MAIL ME THE TROUBLE TICKET.

There’s a musical ding from over by the doorway, and a mail icon appears on your desktop.

ON DUTY, you send, giving the latte a final wistful look. “Bob? We’ve got a call.”

“Eh, boss…?” Bob lifts his cup and hides whatever he’s been working on—probably Solitaire.

“Bring it along, it’s nae the blues.”

You file the email as you leave the coffee shop. Bob trails after you. The destination shows up, as a twirling diamond just visible over the buildings on the far side of the road as you get in the car.

It’s a short drive from Corstorphine to the incident site, but it’s up the steep slope of Drum Brae, hemmed in by shoe-box houses at the bottom of the hill and the whirring prayer wheels of the wind farm at the top. By the time you’re heading downhill again, you’re worrying that the map is confused: “Turn right in one hundred metres” it tells you, but all you can see is an urban biodiversity coppice. “What’s the scene?” asks Bob.
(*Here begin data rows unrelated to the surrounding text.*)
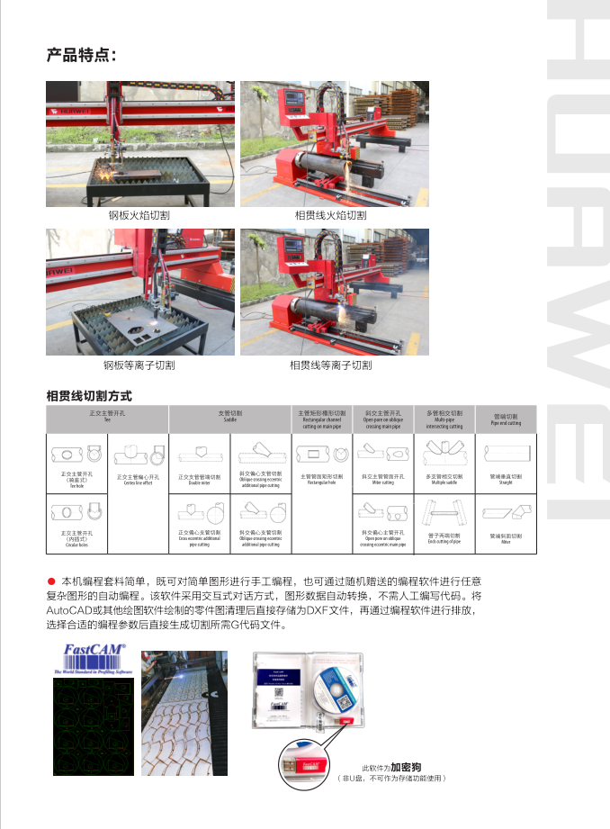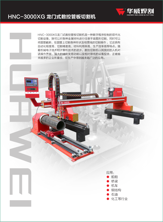 HNC-3000XG龍門式數(shù)控管板切割機是一種數(shù)字程序控制的現(xiàn)代化切割設(shè)備,除可以對各種金屬材料進行任意平面圖形切割,同時可以將圓管截斷,在圓管上切割各種形狀及相貫線的切割操作 ,它還具有自動化程度高、切割精度高、材料利用率高、生產(chǎn)效率高等特點。隨著機械電子技術(shù)和計算機技術(shù)的進步,數(shù)控切割機以其良好的人機對話操作界面、強大的輔助支持功能以及相對很低的設(shè)備投資,正被越來越多的企業(yè)所重視,在生產(chǎn)中得到越來越廣泛的應(yīng)用。
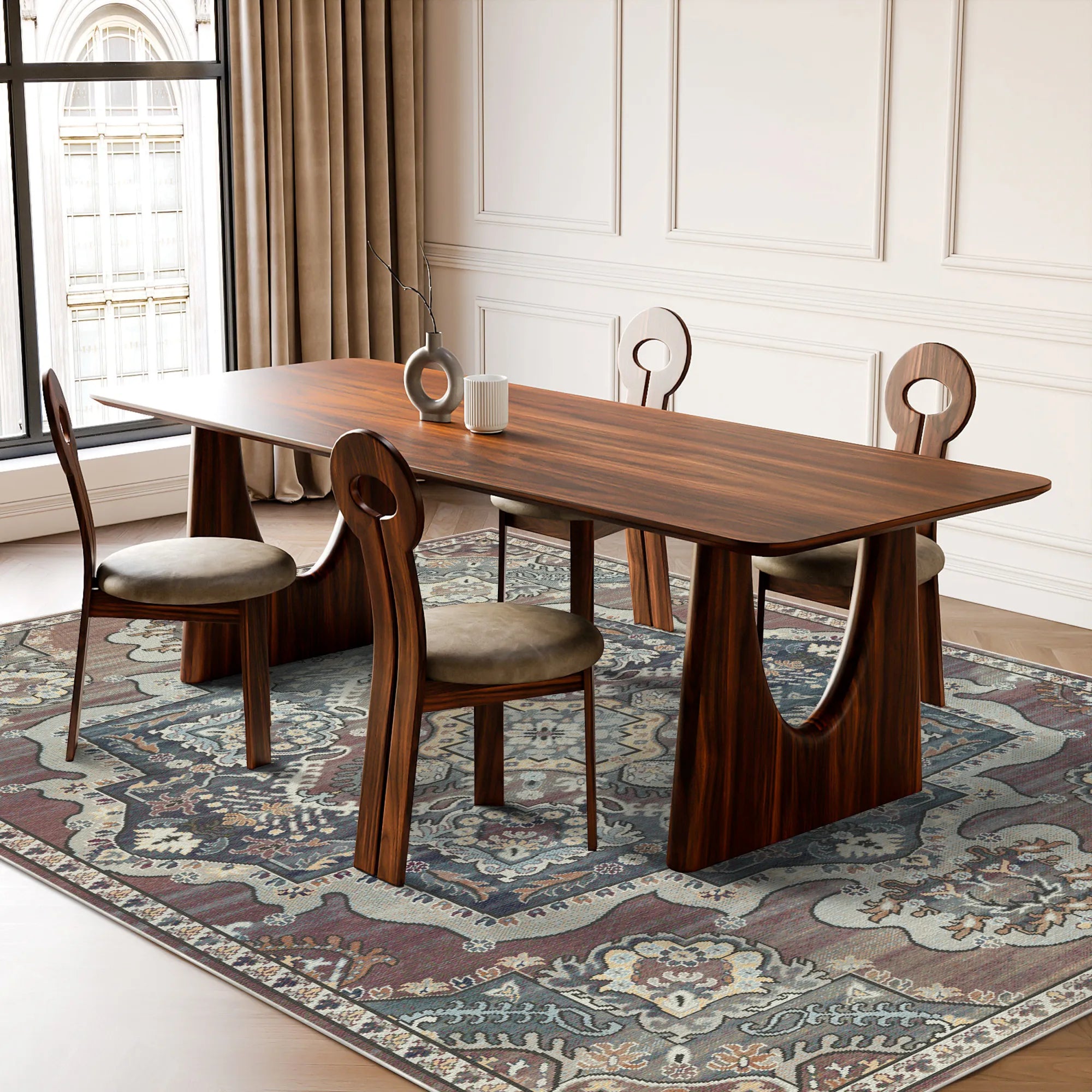 Піднесіть свій житловий простір до царства позачасової величі з килимом Sultanic Amber Royal Medallion, який можна прати . Цей дизайн є захоплюючою даниною золотому віку килимарства, вирізняючись просторим центральним медальйоном високої чіткості, який служить сяючим серцем кімнати. Поле купається в багатій, багатотональній палітрі кольору теракоти кольору заходу сонця, паленого бурштину та теплого сланцю, створюючи візуальну глибину, яка відчувається як рідкісний антикварний скарб, знайдений у сонячному внутрішньому дворику. Витончені, натхненні бароковим стилем переплетення та складний квітковий філігранний візерунок тягнуться з кутів, майстерно акцентовані медово-золотим, слоновою кісткою та м'яким сіро-коричневим кольором. Незалежно від того, чи хочете ви привнести нотку імперської історії в еклектичну вітальню, чи привнести відчуття королівського сарафету у вишукану обідню зону, цей килим пропонує неперевершене поєднання культурного резонансу та високоякісної естетики.
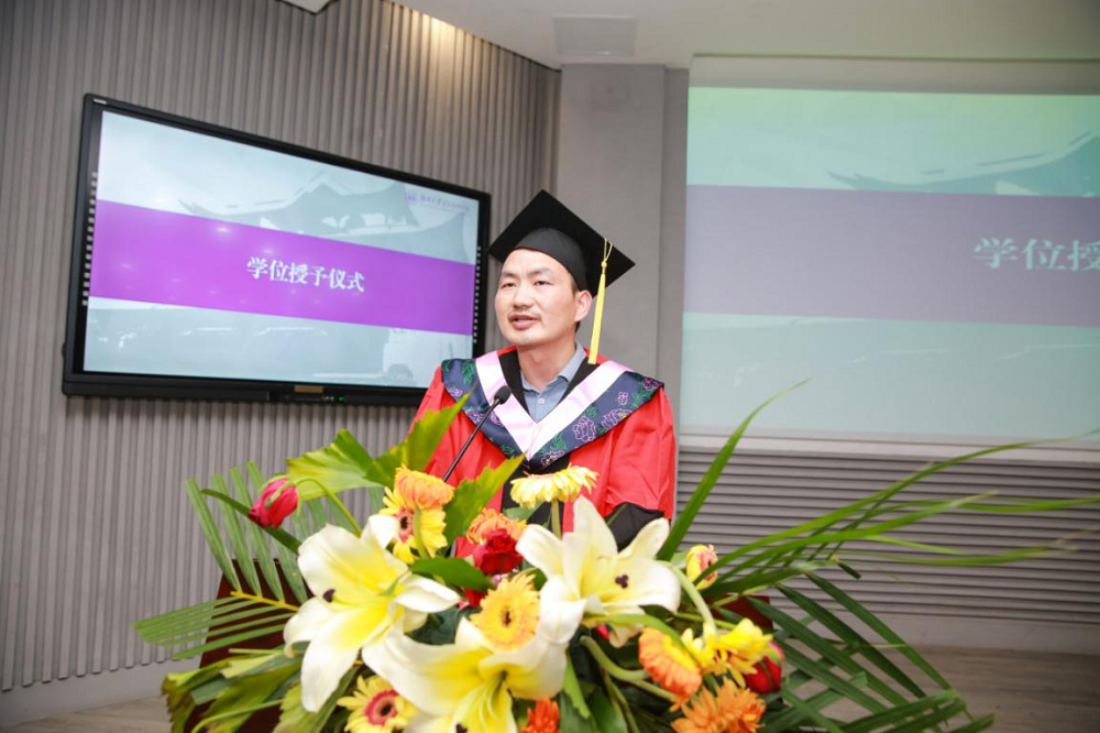 科学学位毕业研究生代表郑清清以“建设、成长、未来”为主题词,分享了她在无码动画 就读期间的点点滴滴。作为学院建立过程中的建设者、亲历者、见证者,她用实事求是的坚定力量、笃实务行的理想信念展现了公管人的风采,她相信各位毕业生会继续保持“公行天下,共济同舟,管通古今,理治八方”的精神气概。
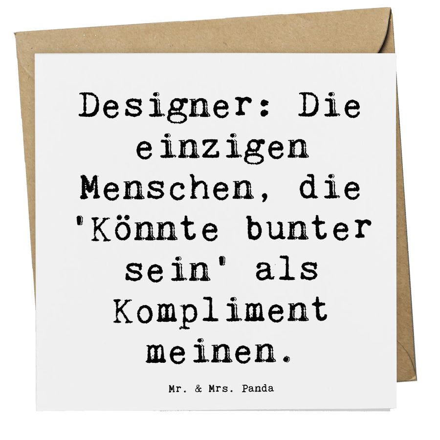 Der Slogan "Designer: Die einzigen Menschen, die 'Könnte bunter sein' als Kompliment meinen" verleiht der Karte eine humorvolle Note und unterstreicht die kreative Welt der Designer. Die Berufe-Sammlung von Mr. & Mrs. Panda bietet zudem viel Liebe in jedem Detail – die Motive sind handgezeichnet und stecken voller Leben und Kreativität.
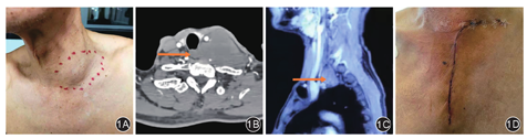 颈胸交界处解剖结构复杂,生长在此处的肿瘤也具有复杂性。颈胸交界处肿瘤的手术治疗原则是最大范围地切除肿瘤,并尽可能地保存手术部位的功能[11],其中手术切口的选择至关重要,应达到以下指标:(1)胸廓入口充分暴露;(2)能够对臂丛神经、锁骨下动脉、腋动脉和无名动脉等重要血管神经解剖性分离;(3)对胸锁乳突肌尽可能保留,防止斜颈发生;(4)维持胸锁关节的完整性及胸壁的稳定性。
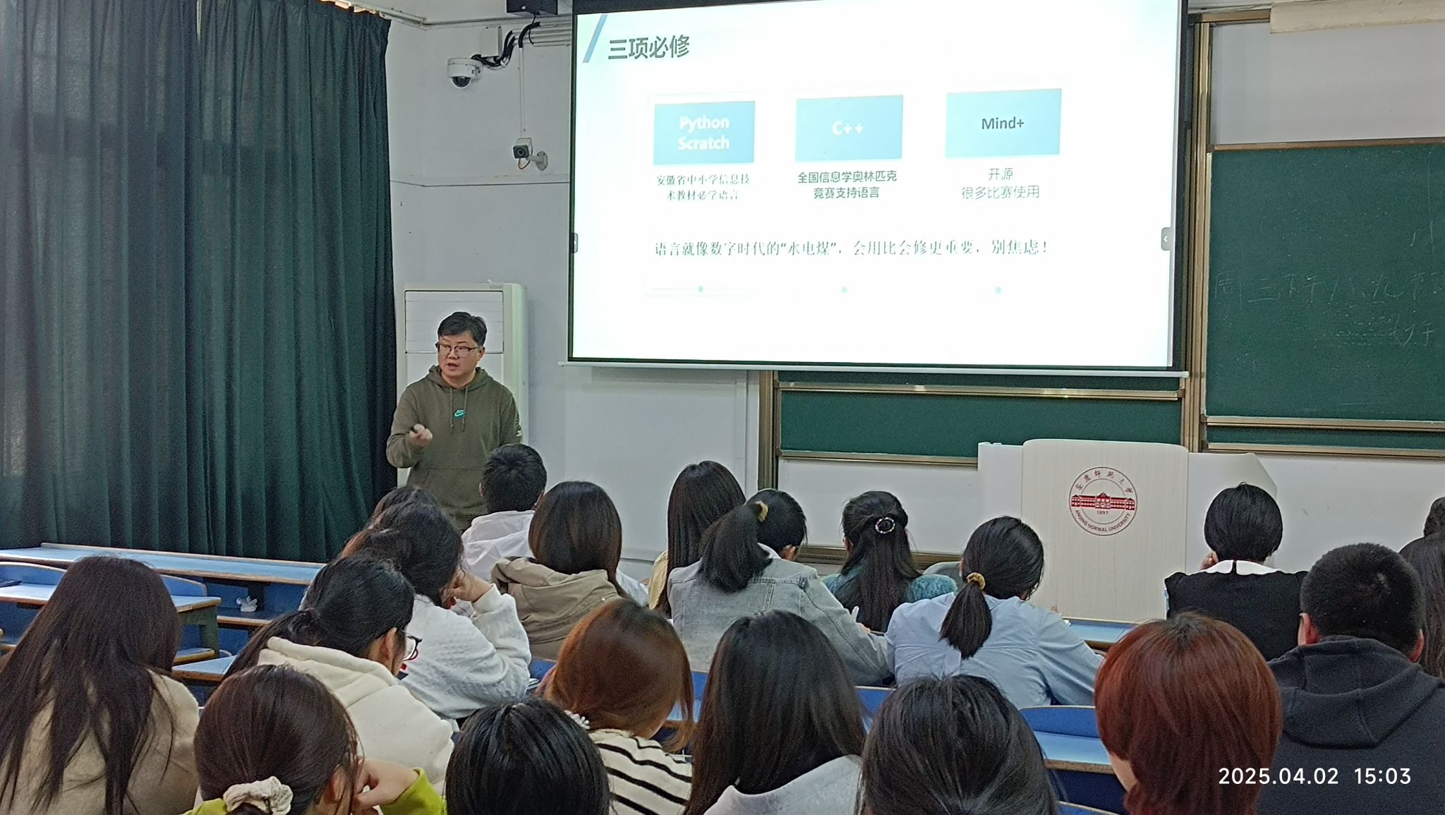 2025年4月2日,合肥一六八中学高中信息技术教师王玉峰应邀做客红色园丁大讲坛,作题为“信息技术教师职业发展规划”讲座。太阳成集团122ccvip教师朱斌彬、万士全、杜杉杉、刘萌萌、查怀志,以及教育技术学专业本科生约60人参加报告会,会议由韦伟主持。安庆十四中丁象、安庆二中夏元平、石化一中王楠、安庆九中路雯婷、凌智等信息技术教师也莅临现场指导工作。

“I dinna ken. The skipper says it’s a weird one.” You feel a flash of irritation—but your shift is a car short today, which makes it a stupid time for a prank—and right then you spot an open driveway leading into the trees, and your specs are flashing green. “Eh, look at that lot, will you?”

There are a bunch of cars parked at the end of the drive, and as the Forestry Commission doesn’t hand out Bentleys and Maseratis, it’s a fair bet that you’re in the right place. But the building they’re parked outside of is a raw contrast to the posh wheels: It’s more like a 1950s public toilet than a corporate office, just four concrete walls propping up a flat slab of characterless roof that seems to scream Asbestos! with all the force its wheezing, mesothelioma-ridden lungs can muster. Maybe it’s some kind of up-market cottaging club for the tech start-up crowd? You shake your head and climb out of the car, tapping your ear-piece to tell your phone to listen up: “Arriving on SOC, time-stamp now.